I'm having a few problems re-installing windows 7.

When I try and intall (ISO from harddrive), I get an error message saying that autorun.dll is corrput or missing. I've tried a different download of the ISO, but also getting errors.

I've reinstalled various drivers (don't even know if this is relevant!), but still the same error message.

Google has offered me nothing helpful at all.

Any advice from anyone? It would be much appreciated.

Oh, also worth noting I reinstalled XP just incase that was the problem, but now I am stuck with crappy XP! I want windows 7 back!!

Cheers guys.


----------



## jcgriff2 (Sep 30, 2007)

Hi -

You mention "install ISO from HDD" - did you burn ISO to DVD and then boot with DVD?
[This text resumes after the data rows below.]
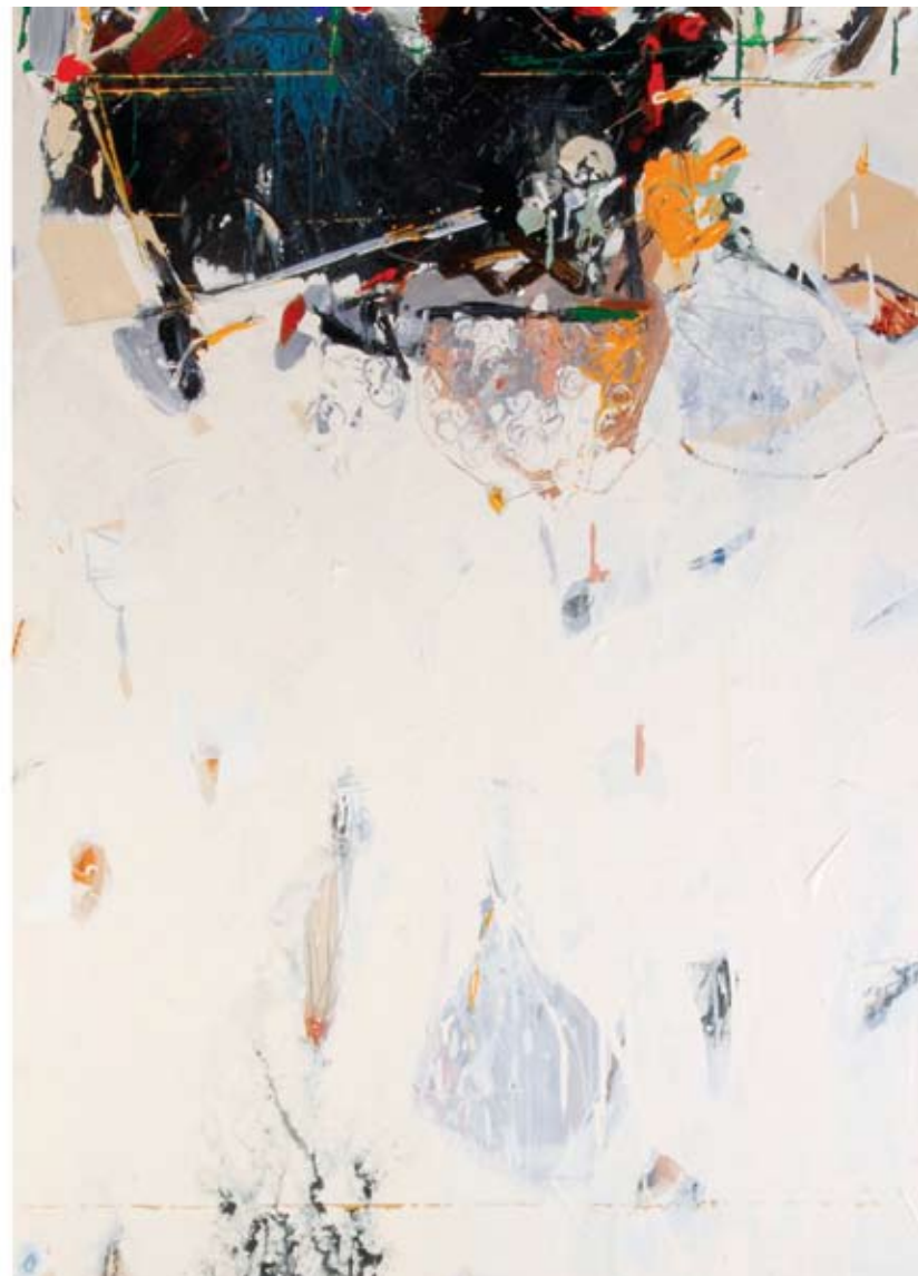
Above: Hayate Doostan (Life of Friends) from the Rumi in my Chalice series. 2008. Acrylic and pencil on canvas. Triptych. 120 x 100 cm each. Private collection, Dubai.
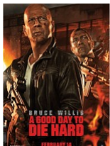
A Good Day To Die Hard
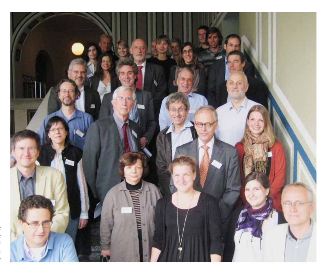
Participants of the conference "Divination and the Epistemology of Prognostic Sciences in the Middle Ages"

and above all medicine, developed elaborate prognosis concepts from the 14th century onward which subsequently made possible conjectural prognoses that were sensitive to the course of events. At the same time, the discussions highlighted desiderata, such as a more precise definition of the concept of "sign" (signum), which possessed a fundamental role for futural knowledge in the disciplines examined over the course of the conference and which has so far been underdetermined in research with regard to its epistemological function.
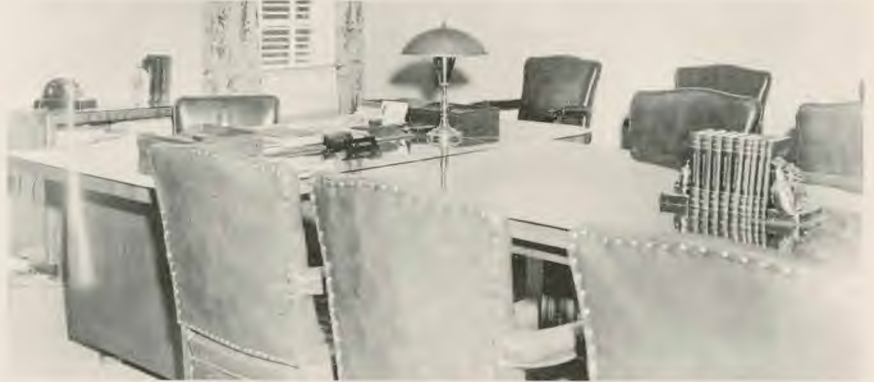
Conference president's office and committee room.
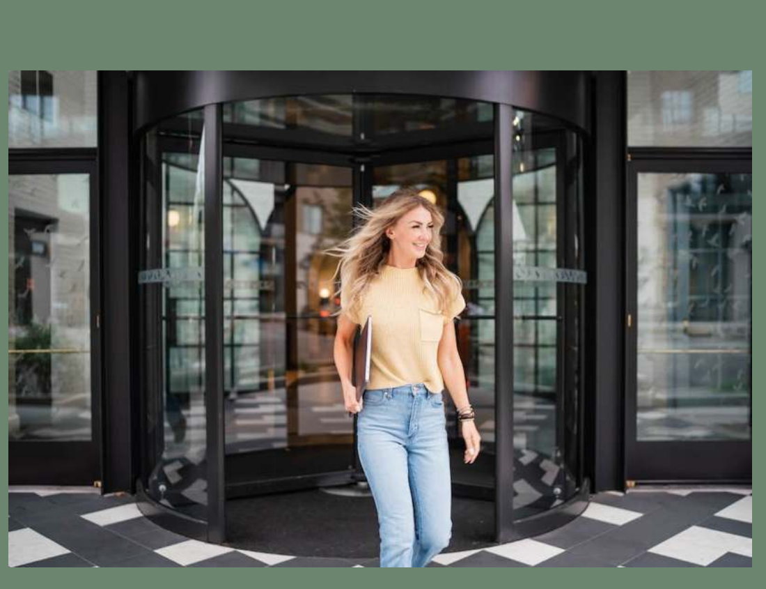
MODULE #2 Build and optimize your online storefront.
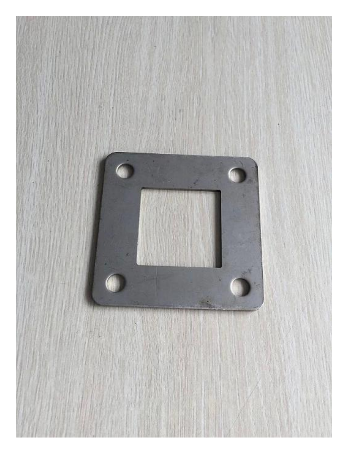
Model No.: CP113
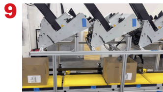
Customer-specific collateral inserts are dispensed into box.
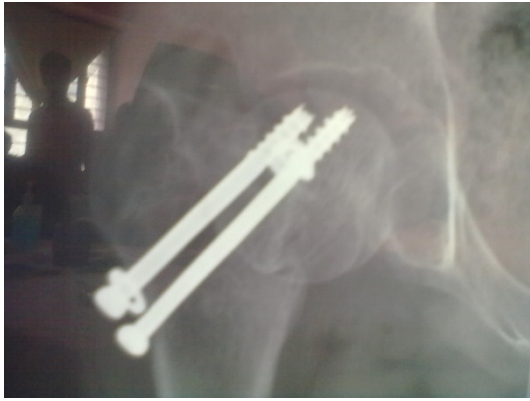
Fig. 11: case 2: Postoperative x-ray at 16 weeks
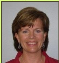
PP Genevieve Carr Vocational
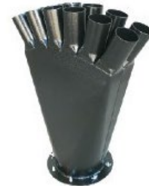
12 Outlet Blower Manifold
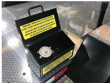
▲ Fill pipe containment box
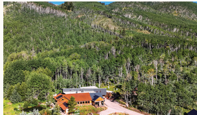
Catto Center at Toklat 11247 Castle Creek Road, Aspen, CO 81611 970.925.9157 | Tuesday–Sunday, 10am–5pm
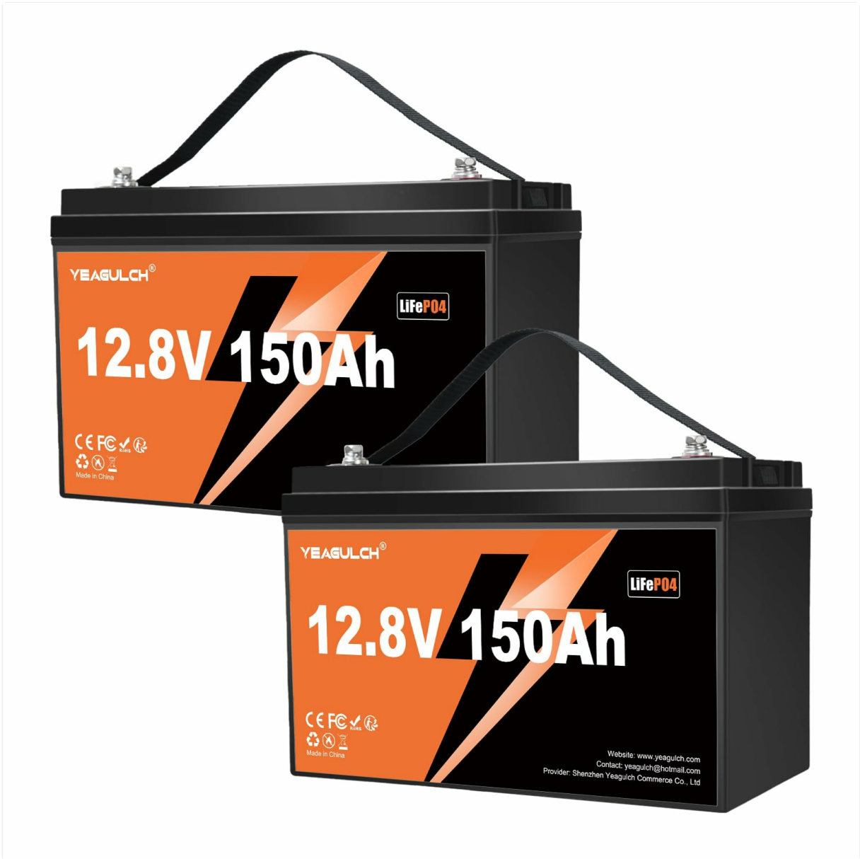
Figure 3.1: yeagulch 12.8V 150Ah LiFePO4 Lithium Battery.
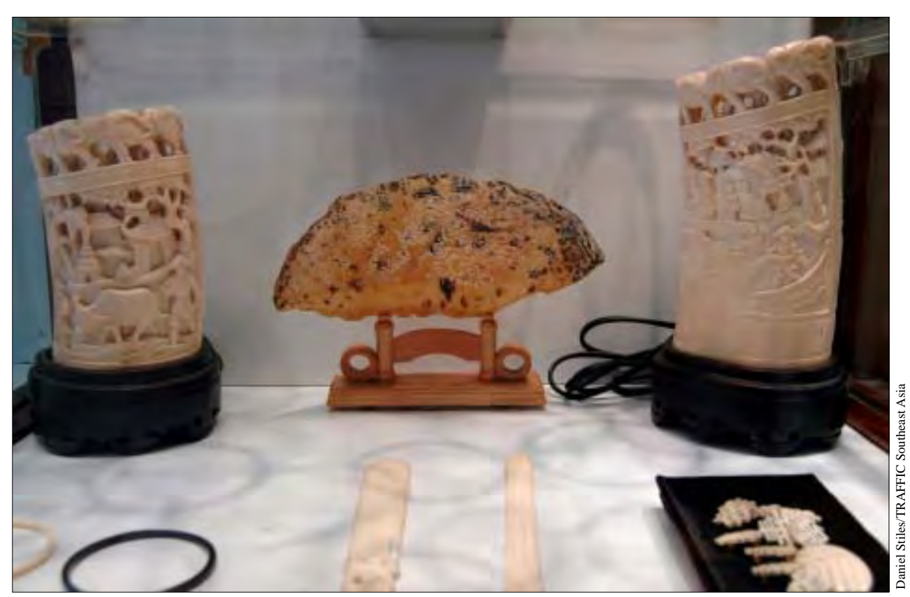
This Hawksbill scute, displayed between two illegal ivory pieces, was for sale in HCMC for USD200

HCMC – One workshop was visited on Le Thanh Ton Street. This workshop employed at least four workers and had sophisticated electrical machinery for shaping and polishing bekko items. The showroom had a wide range of bekko items made in the workshop, including jewellery, hair clips and pins, combs, name seals, fans and spectacle frames were being manufactured during the visits here. The products were high quality and amongst the most expensive seen in Viet Nam. The two other workshops were not visited, although attempts were made, but were said by vendors to be small, home workshops that made mainly hair clips and combs.
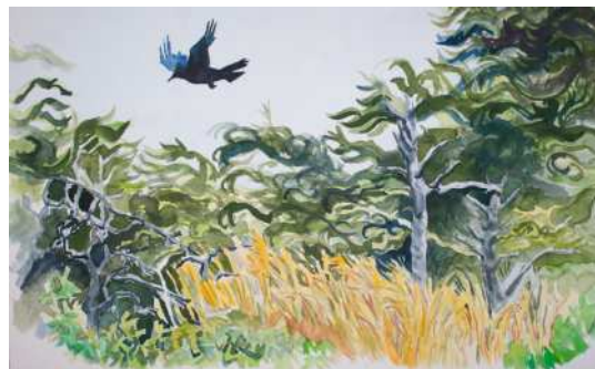
Watercolor by Wanda Metcalf
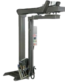
ORION FLEX RTD
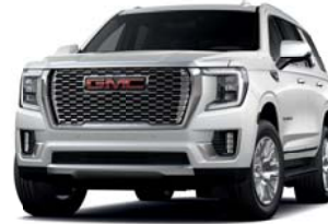
WHITE FROST TRICOAT (G1W)
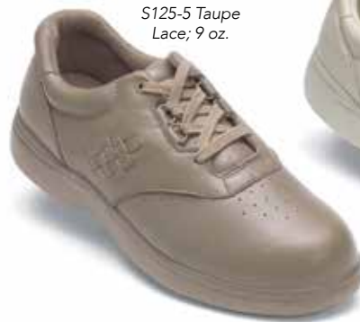
S125-5 Taupe Lace; 9 oz.
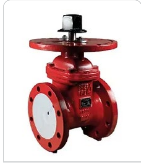
CF-300 (SIZE 4" TO 12")
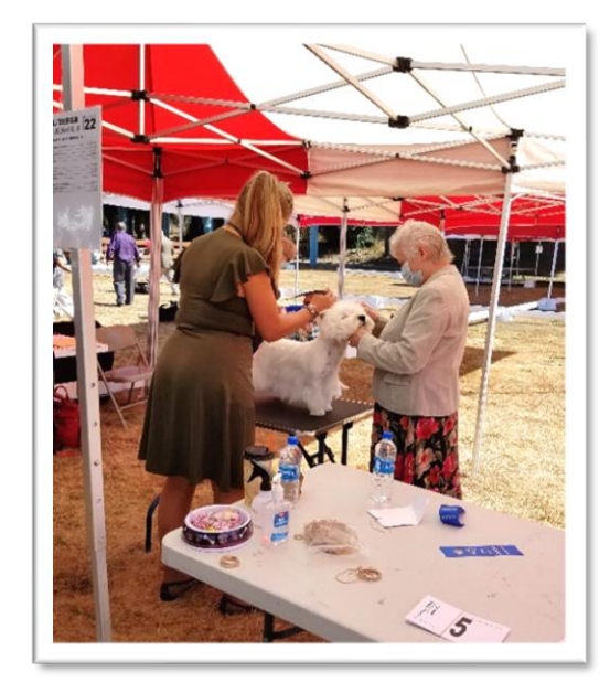
Terriers competing for Best of Show at the August 19th All Terrier Club Dog Show

ImgBurn to burn ISO to DVD --> http://www.imgburn.com/index.php?act=download

Regards. . .

jcgriff2

.


----------



## funktank (Jun 12, 2008)

I don't have a DVD drive in order to burn the image.

I actually solved this one myself.

I downladed Magic ISO and was trying to open the setup.exe file from there. This was giving me the errors.

In the end I mounted the iso image and chose my CD drive - this then allowed the install from ISO directly from HDD.

Weird but done now and that is the last time I install a OS from the HDD.


----------